**Problem**
Output the listing exactly as written, apart from its pictures.

**Data excerpt**

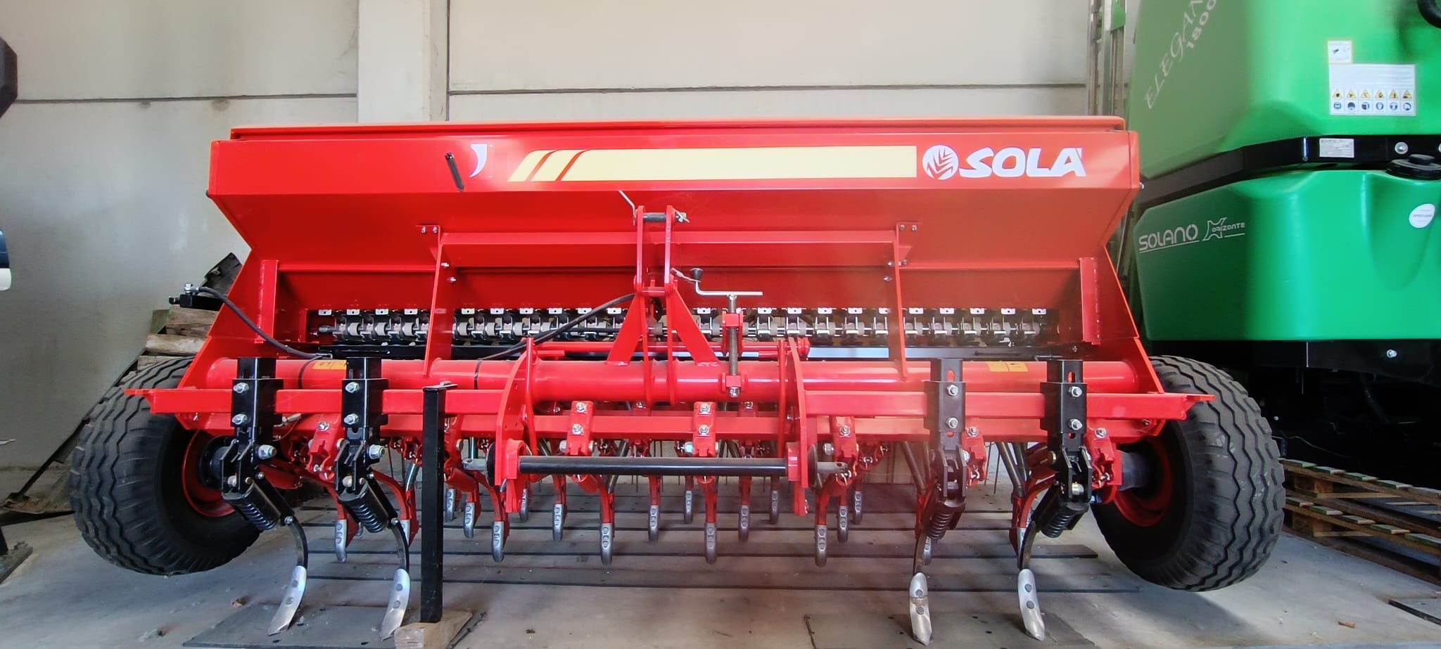 Sembradora SOLA de 3 m.de siembra, reja recta, capacidad tolva 600 Kg, fecha fabricacion 2017, fecha compra 2018, con borra huellas.
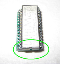 P7 and P8 For the P7 and P8 ECU fitted to some Ducati and Moto Guzzi models (also Laverda 668) you remove the bottom cover as below and the eprom can be seen, highlighted here by the red circle. Removal is straight forward, as I’ve never seen a P7 or P8 with any sort of eprom cap or cover. Using an eprom puller under each end of the eprom simply pull up gently to remove it. Many people like to use anti static mats and the like when removing/fitting eproms to stop static electricity from damaging the eprom. Personally I never do and have never had a problem. But if it concerns you, go to an electrical supplies shop and fit yourself out. If any of this eprom swapping daunts you, get someone who has done it before to do it for you. The socket the eprom goes into has a wide indentation at one end as circled below in blue. The notch in the eprom (circled in green) needs to go to this end. Put it in the wrong way and it will either not work properly (runs the pump continuously) or blow the eprom up. When they blow up they give a little flash then nothing. Yes, I’ve done it. For the 1.6M ECU you remove the round rubber plug under the “Do not remove” sticker and the eprom is directly under that, as per the photo below. Being very careful remove the grey blobs of silicone (the greatest goop ever) from either end of the eprom and its little white plastic clip on cover. It’s common to lose them inside the ECU case just hold it upside down and roll them out as required. Then using a small blade and extreme care (usually the amount of care is inversely proportional to the number of times you’ve done it) pry the tangs of the white plastic clip on cover sideways out from under the eprom socket base and remove the white cover. You might have to go fishing for this too. This exposes the eprom. Using an eprom puller under each end of the eprom remove it as well. Many people like to use anti static mats and the like when removing/fitting eproms to stop static electricity from damaging the eprom. Personally I never do and have never had a problem. If it concerns you, go to an electrical supplies shop and fit yourself out. If any of this eprom swapping daunts you, get someone who has done it before to do it for you. You’ll also notice that the socket that the eprom sits on and the pins go into has a notch at one end. The eprom also has a notch, usually hidden under the grey goop. This is the locating notch, and the new eprom needs to be fitted with its notch (circled in green) at the same end. Put it in the wrong way and it will not work properly (runs the pump continuously).
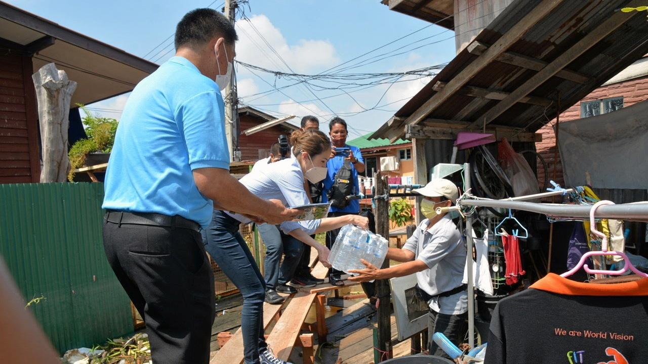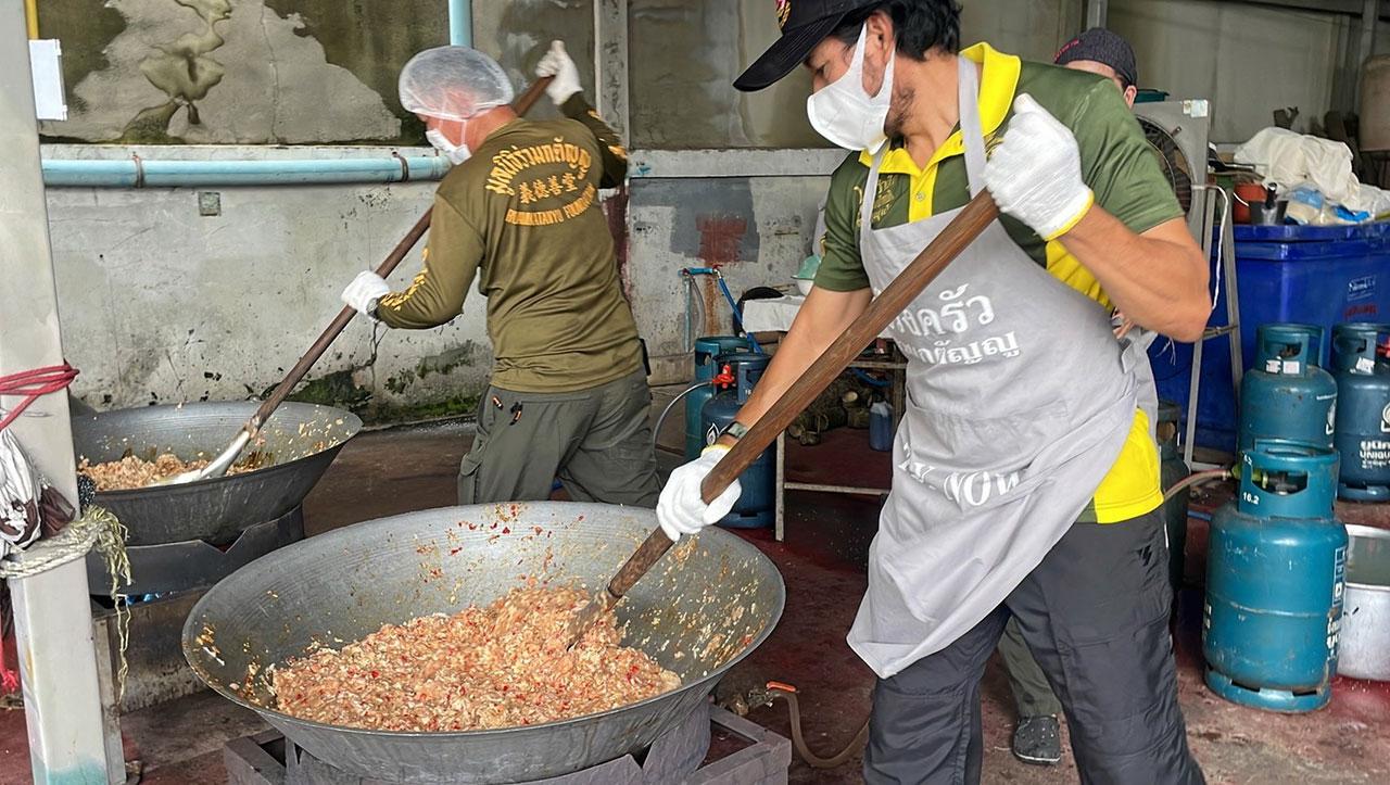 นายบิณฑ์ บันลือฤทธิ์ และอาสาสมัครมูลนิธิร่วมกตัญญูรวม 50 นาย ตั้งโรงครัวสนามทำอาหารปรุงสุก เพื่อนำไปมอบให้กับชาวบ้านในหมู่บ้านแสงตะวัน หมู่ 4 ต.บางเพียง อ.บางบ่อ จ.สมุทรปราการ เกิดน้ำท่วมขังสูงเข้าออกอย่างลำบาก นายบิณฑ์เปิดเผยว่า ชาวบ้านในหมู่บ้านแสงตะวันได้รับความเดือดร้อน ตนและอาสามูลนิธิร่วมกตัญญูจัดข้าวกล่องจำนวน 730 กล่อง แจกจ่ายชาวบ้านที่ต้องอยู่ในสภาพติดเกาะ พร้อมนำข้าวสารอาหารแห้งแจกกว่า 400 ครัวเรือน
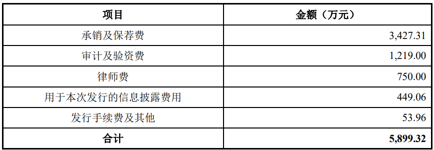 先鋒精科本次發(fā)行費(fèi)用合計(jì)5,899.32萬元(不含增值稅),其中承銷及保薦費(fèi)3,427.31萬元。

**Exercise output**
 Sembradora SOLA de 3 m.de siembra, reja recta, capacidad tolva 600 Kg, fecha fabricacion 2017, fecha compra 2018, con borra huellas.
 P7 and P8 For the P7 and P8 ECU fitted to some Ducati and Moto Guzzi models (also Laverda 668) you remove the bottom cover as below and the eprom can be seen, highlighted here by the red circle. Removal is straight forward, as I’ve never seen a P7 or P8 with any sort of eprom cap or cover. Using an eprom puller under each end of the eprom simply pull up gently to remove it. Many people like to use anti static mats and the like when removing/fitting eproms to stop static electricity from damaging the eprom. Personally I never do and have never had a problem. But if it concerns you, go to an electrical supplies shop and fit yourself out. If any of this eprom swapping daunts you, get someone who has done it before to do it for you. The socket the eprom goes into has a wide indentation at one end as circled below in blue. The notch in the eprom (circled in green) needs to go to this end. Put it in the wrong way and it will either not work properly (runs the pump continuously) or blow the eprom up. When they blow up they give a little flash then nothing. Yes, I’ve done it. For the 1.6M ECU you remove the round rubber plug under the “Do not remove” sticker and the eprom is directly under that, as per the photo below. Being very careful remove the grey blobs of silicone (the greatest goop ever) from either end of the eprom and its little white plastic clip on cover. It’s common to lose them inside the ECU case just hold it upside down and roll them out as required. Then using a small blade and extreme care (usually the amount of care is inversely proportional to the number of times you’ve done it) pry the tangs of the white plastic clip on cover sideways out from under the eprom socket base and remove the white cover. You might have to go fishing for this too. This exposes the eprom. Using an eprom puller under each end of the eprom remove it as well. Many people like to use anti static mats and the like when removing/fitting eproms to stop static electricity from damaging the eprom. Personally I never do and have never had a problem. If it concerns you, go to an electrical supplies shop and fit yourself out. If any of this eprom swapping daunts you, get someone who has done it before to do it for you. You’ll also notice that the socket that the eprom sits on and the pins go into has a notch at one end. The eprom also has a notch, usually hidden under the grey goop. This is the locating notch, and the new eprom needs to be fitted with its notch (circled in green) at the same end. Put it in the wrong way and it will not work properly (runs the pump continuously).
 นายบิณฑ์ บันลือฤทธิ์ และอาสาสมัครมูลนิธิร่วมกตัญญูรวม 50 นาย ตั้งโรงครัวสนามทำอาหารปรุงสุก เพื่อนำไปมอบให้กับชาวบ้านในหมู่บ้านแสงตะวัน หมู่ 4 ต.บางเพียง อ.บางบ่อ จ.สมุทรปราการ เกิดน้ำท่วมขังสูงเข้าออกอย่างลำบาก นายบิณฑ์เปิดเผยว่า ชาวบ้านในหมู่บ้านแสงตะวันได้รับความเดือดร้อน ตนและอาสามูลนิธิร่วมกตัญญูจัดข้าวกล่องจำนวน 730 กล่อง แจกจ่ายชาวบ้านที่ต้องอยู่ในสภาพติดเกาะ พร้อมนำข้าวสารอาหารแห้งแจกกว่า 400 ครัวเรือน
 先鋒精科本次發(fā)行費(fèi)用合計(jì)5,899.32萬元(不含增值稅),其中承銷及保薦費(fèi)3,427.31萬元。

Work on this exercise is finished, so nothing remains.